A couple of unnerved community members recently contacted FFRF to report two constitutional violations that have taken place within the Corpus Christi Independent School District. It was reported that after a recent Miller High School football game in Corpus Christi, Texas, players and coaches had congregated in the middle of the field to recite the “Lord’s Prayer.”
FFRF was also informed that teachers at Woodlawn Elementary took students on a field trip to a pumpkin patch at Asbury United Methodist Church. After exploring the patch, the students were gathered for a proselytizing storytime session led by a church volunteer who read books that included pictures of pumpkins decorated with the Latin cross and a “Jesus fish.” Students were told that the cross represented Jesus, that Jesus died on the cross for everyone’s sins, that Jesus is “our Messiah” and other Christian myths.
In a letter sent to the school district, FFRF warns that the two instances of illegal religious promotion on behalf of the public school must end. FFRF Staff Attorney Sam Grover informs the district superintendent that federal courts have held that public school coaches’ participation in their team’s prayer circles are unconstitutional. Grover also addresses the religious field trip at Woodlawn Elementary.

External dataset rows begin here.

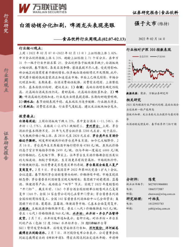 【万联证券】【20220214】20220214-万联证券-食品饮料行业周观点:白酒动销分化加剧,啤酒龙头表现亮眼-11页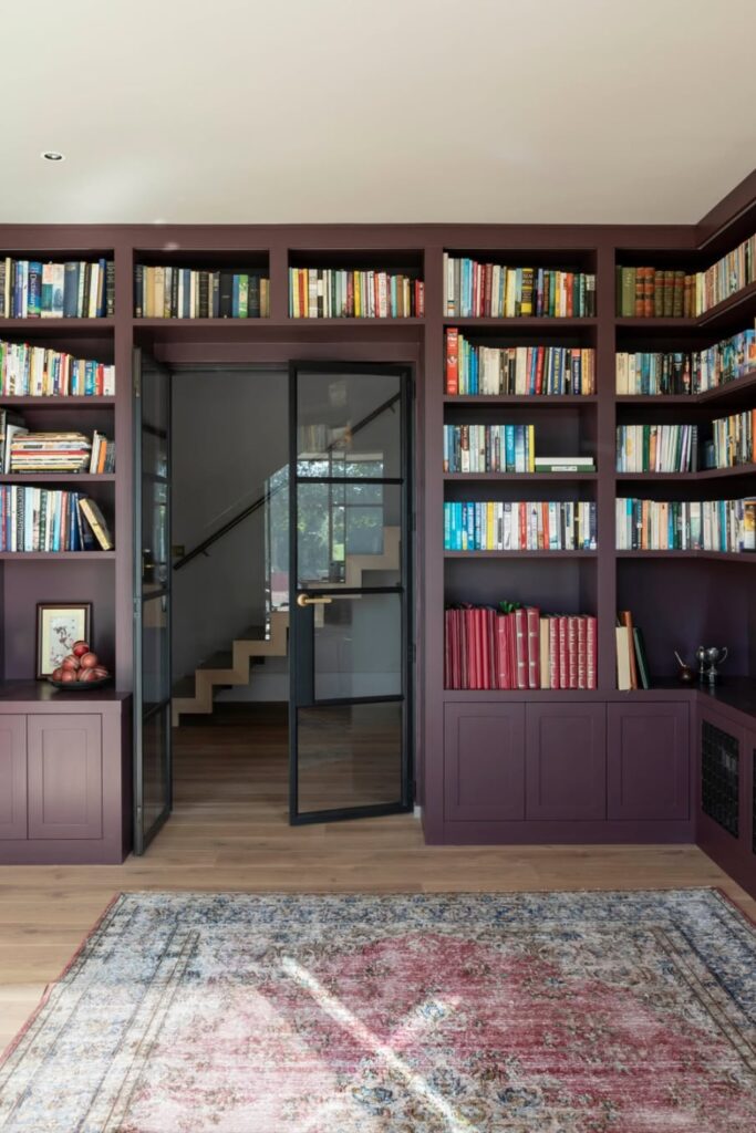 To get this look, use built-in shelves and paint them a strong color, like a deep plum, to make them a standout feature.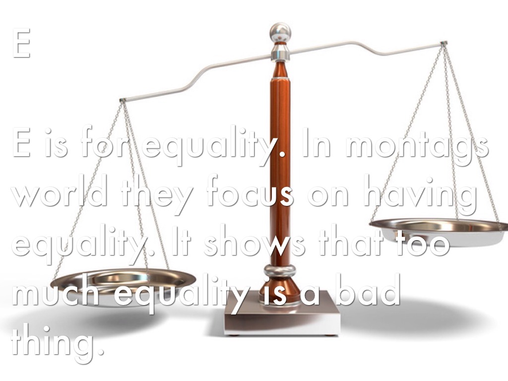 E is for equality. In montags world they focus on having equality. It shows that too much equality is a bad thing.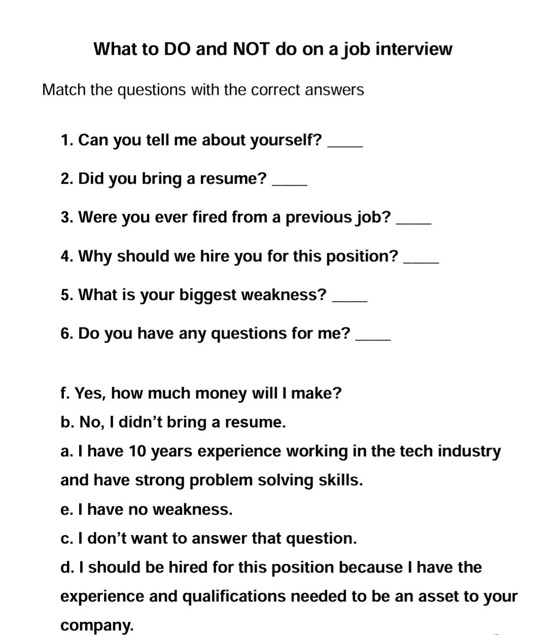 Job Interview Worksheets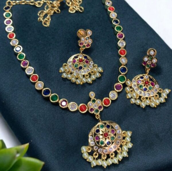 Traditional Navratan neckset with backchain earrings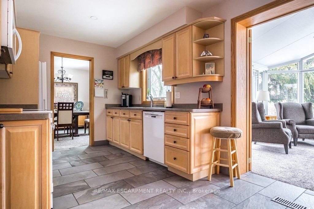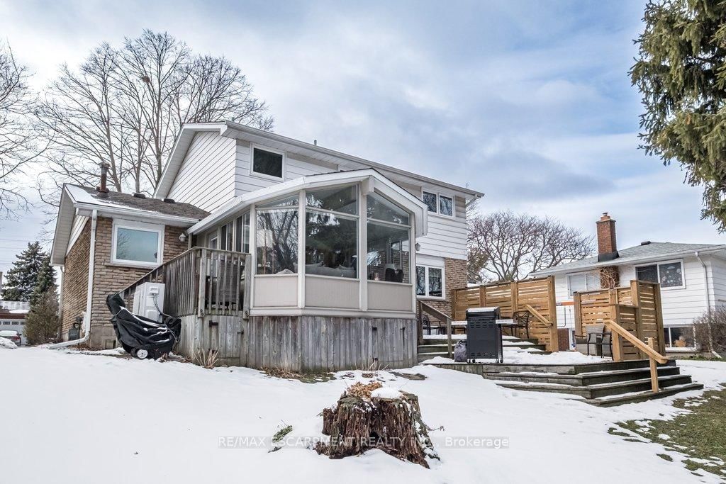 Welcome to 19 Chateau Court in Hamilton, an exceptional opportunity! Families and professionals from the GTA (especially Mississauga, Oakville, & Toronto) seeking space, nature, & family lifestyle without leaving urban conveniences behind. The 2-Storey on 19 Chateau Court has 4 bedrooms, 2 bathrooms, and is located on a 100 x 50 ft loton < .50 acres in the community of Mountview . This beautifully maintained four- bedroom home sits on a premium ravine lot offering rare privacy and peaceful treed views-something increasingly hard to find in larger city markets. The backyard retreat features a bright sunroom addition by QSI (2004, with permits) that opens to a remarkable two-tier deck with privacy fencing overlooking the ravine. A perfect setting for family gatherings, outdoor dining, and relaxed evenings surrounded by nature. Inside, the home balances comfort and practicality with a renovated Canec kitchen (2005), welcoming living room with Napoleon gas fireplace (2004), and durable ceramic flooring (2020) in high-traffic areas including the front hall, kitchen, back entry, and powder room. Alexanian broadloom (2022) adds warmth to the sunroom, living and dining rooms, staircase, and hallway, with original hardwood floors beneath. The upper level offers four spacious bedrooms and a beautifully renovated bathroom (2020), ideal for growing families or home office needs. Finished recreation room provides flexible family space for play, movies, or hobbies. Extensive updates include eaves & gutter protection (2015), repaved driveway (2018), redesigned front porch and gardens by Gelderman Landscaping, roof replacement by DeLuca Roofing (2019), and newer Boonstra furnace, A/C & heat pump (2025). Hamilton boasts exceptional education: public and private grade and secondary schools systems, Hillfield Strathallan College, McMaster University, Mohawk College, & Redeemer College. Family living thrives near parks, escarpment trails, shopping, dining, transit, and convenient highway access. This is a rare opportunity to enjoy privacy, quality updates, natural beauty, & family value many GTA buyers are seeking in Hamilton.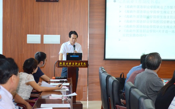 11月5日上午,在海南省人力資源開發(fā)局副局長趙微、海南省人力資源開發(fā)局人才管理服務處處長文振忠的帶領下,就業(yè)檢查評估工作組一行10人對我院2011—2013學年度畢業(yè)生就業(yè)工作進行了檢查和評估。學院黨委書記陳禮民,黨委副書記、紀委書記莫運深,副院長周運詩,相關部門主要負責人、系部黨政主要負責人,以及相關部門、系部就業(yè)指導員參加了評估匯報會。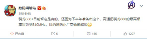 根据某数码博主的爆料称,高通确实又打算推出骁龙888的升级版本。根据高通在骁龙855时代以来的习惯,高通每年在发布一款新的旗舰处理器之后,往往都会再发布一款升级版本的处理器,例如骁龙855plus、骁龙865plus等等。
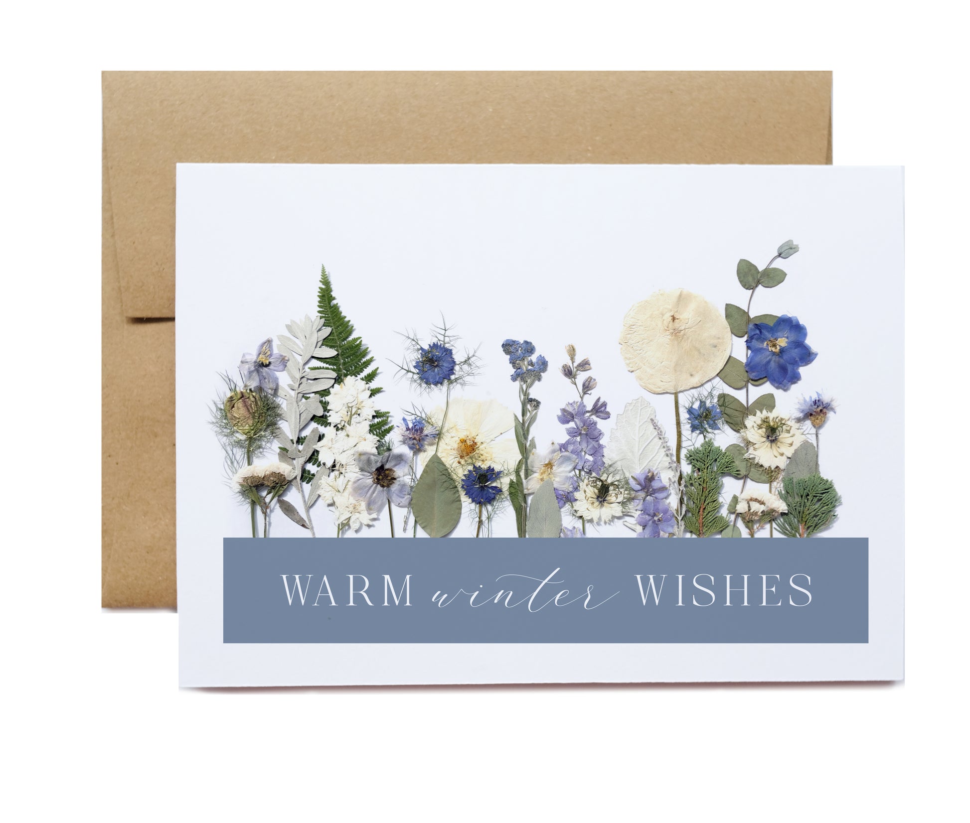 Holiday Card, Blue and white, Warm Winter Wishes, Pressed flower Card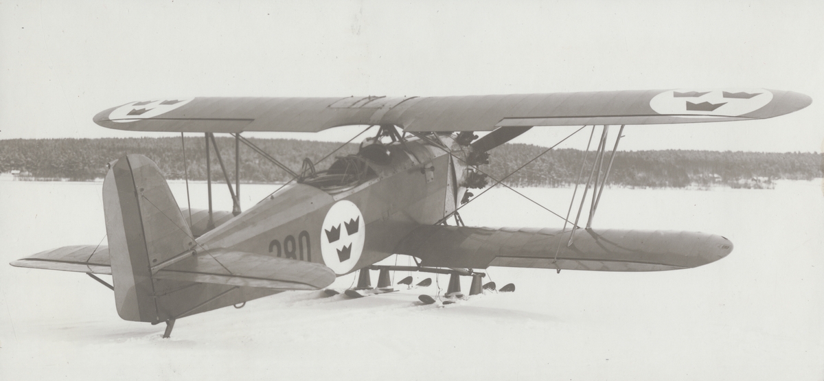 Flygplan J 4, Heinkel HD 19 märkt nr 280 står med skidor på F 2 Hägernäs, cirka 1929-1930. Vy bakifrån.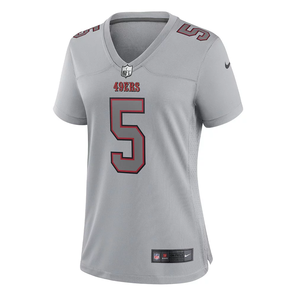 Up your San Francisco 49ers look with this Trey Lance Atmosphere Fashion Game jersey by Nike. Its tailored fit is designed for movement, and mesh side panels ensure you stay cool and comfortable all day long. Authentic team details make this Trey Lance jersey a standout piece in your San Francisco 49ers collection.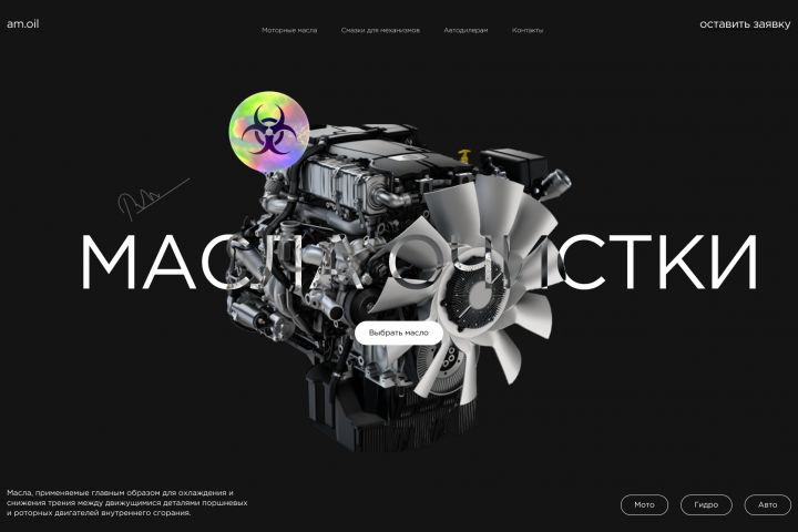 Это моя вторая работа, созданная в рамках обучения yudaev.school. Она представляет из себя главный экран сайта, который продаёт моторные масла, масла очистки и т.д.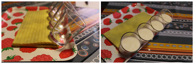 La foto è più esplicativa di mille descrizioni. Riempite i bicchieri fino quasi all’orlo del bordo inclinato e lasciate raffreddare a temperatura ambiente, poi trasferite in frigorifero per 2 ore minimo.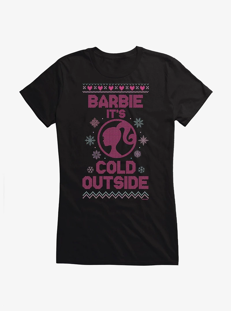Barbie It's Cold Outside Ugly Christmas Pattern Girls T-Shirt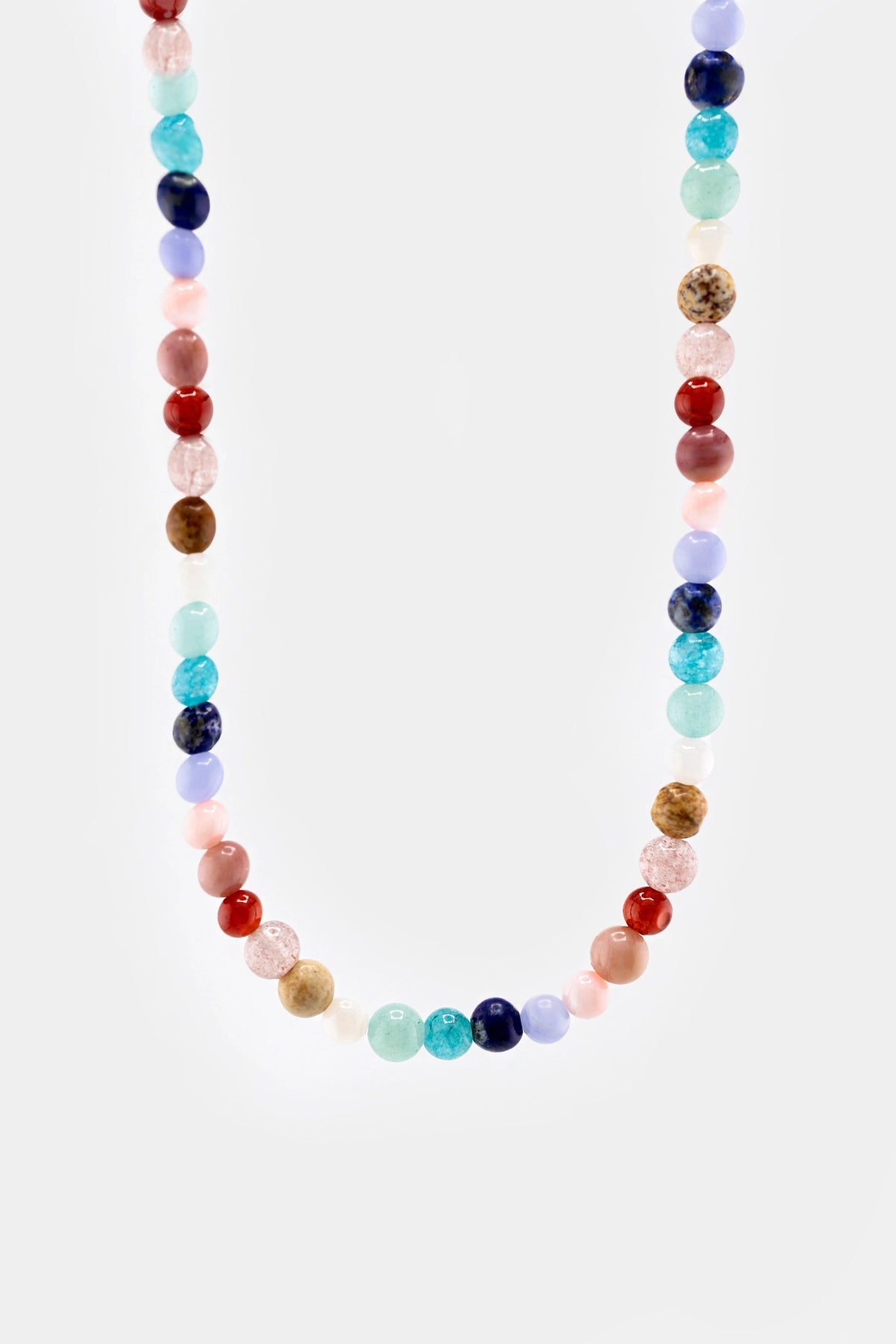 Spüre die Verbindung zur Natur und den Elementen mit der Kette Kraft der Elemente. Die Steine in diesem Produkt – Rosa Koralle, Rhodonit, Karneol-Achat, Erdbeer-Quarz, Bild-Jaspis, Muschel, Aqua-Amazonit, Dunkelblauer Chalcedon, Lapislazuli und Blauer Spitzenachat – stehen für die harmonische Energie von Erde, Wasser, Feuer und Luft. Rhodonit und Bild-Jaspis fördern Erdung und Stabilität, während Karneol-Achat und Erdbeer-Quarz mit ihrer feurigen Energie Kreativität und Selbstbewusstsein stärken. Die kühlen Blau-Töne der Chalcedon- und Lapislazuli-Steine bringen Klarheit und Ruhe in den Geist.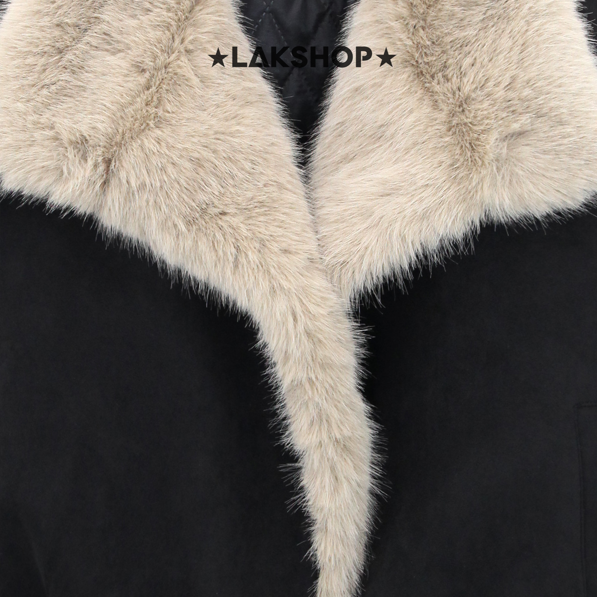 Áo Black Suede with Fur Collar Jacket
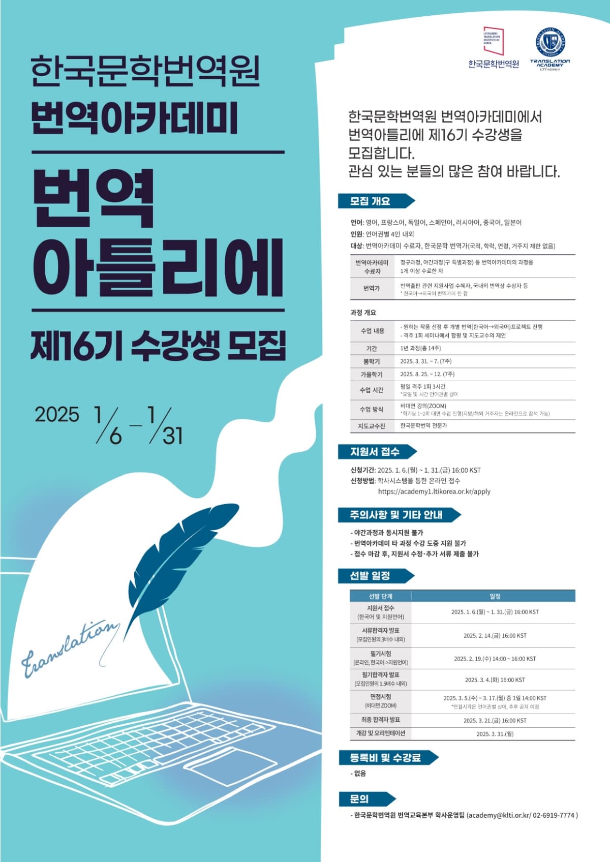 번역아카데미 번역아틀리에 제16기 수강생 모집

“It is an egregious abuse of government power to proselytize a captive audience of very young, impressionable school children,” writes Grover.
And, FFRF notes, the fact that participation in the field trip was voluntary with parental-signed permission forms does not cure the constitutional violation. FFRF reminds the school district that Corpus Christi is home to a diverse array of parents and students who are not Christian and not religious.
“The school district must honor its obligation to welcome and protect the rights of conscience of all of its students — not just those with religion,” says FFRF Co-President Annie Laurie Gaylor.
FFRF is asking that the district ensure that its representatives restrain themselves from organizing, leading or participating in prayer with students. FFRF is also requesting that district schools not incorporate religious activities into future field trips and that no future field trips be scheduled in a place of worship.
The Freedom From Religion Foundation is a national nonprofit organization with more than 29,000 members across the country, including in Texas. Its purpose is to protect the constitutional principle of separation between state and church.